Interventions: All patients were on continuous analgo-sedation and mechanical ventilation.

Measurements And Results: From arterial blood samples, plasma levels of soluble adhesion molecules [endothelial leukocyte adhesion molecules (sELAM-1), intercellular adhesion molecule-1 (sICAM-1)], and vascular cell adhesion molecule-1 (sVCAM-1) were measured on the day of admission (trauma patients) or on the day of diagnosis of sepsis (= baseline values), and during the following 5 days. In the trauma group, sELAM-1 (57.9 +/- 11.0 ng/ml) and sVCAM-1 (698 +/- 93 ng/ml) were within normal ranges at baseline, whereas they were markedly elevated in the sepsis group (sELAM-1: 340 +/- 95 ng/ml; sVCAM-1; 1,042 +/- 449 ng/ml). In the sepsis patients, sELAM-1 significantly decreased and sVCAM-1 increased, but remained almost unchanged in the trauma patients. Non-survivors showed markedly elevated plasma levels of sELAM-1 and sVCAM-1. sICAM-1 was elevated in both groups at baseline and was higher in the sepsis group (1,266 +/- 261 ng/ml) than in the trauma group. In the septic patients, sICAM-1 increased further (2,022 +/- 609 ng/ml) and remained unchanged in the trauma group. All non-survivors showed sICAM-1 plasma levels of > 800 ng/ml.

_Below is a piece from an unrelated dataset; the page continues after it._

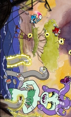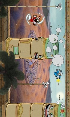 2、高难度横版射击玩法,需操控茶杯头或马克杯人,敌人攻击模式复杂,需要通过跳跃、射击、闪避等操作闯关。

Conclusions: Endothelial damage may result in multiple-organ dysfunction syndrome. Adhesion molecules are considered to be a cornerstone in this process. Trauma patients showed lower plasma levels of circulating adhesion molecules than did sepsis patients indicating more pronounced (inflammatory related) endothelial activation or damage in sepsis. Therapeutic modulation of circulating adhesion molecules may be of benefit to the patients outcome and therefore warrants further study.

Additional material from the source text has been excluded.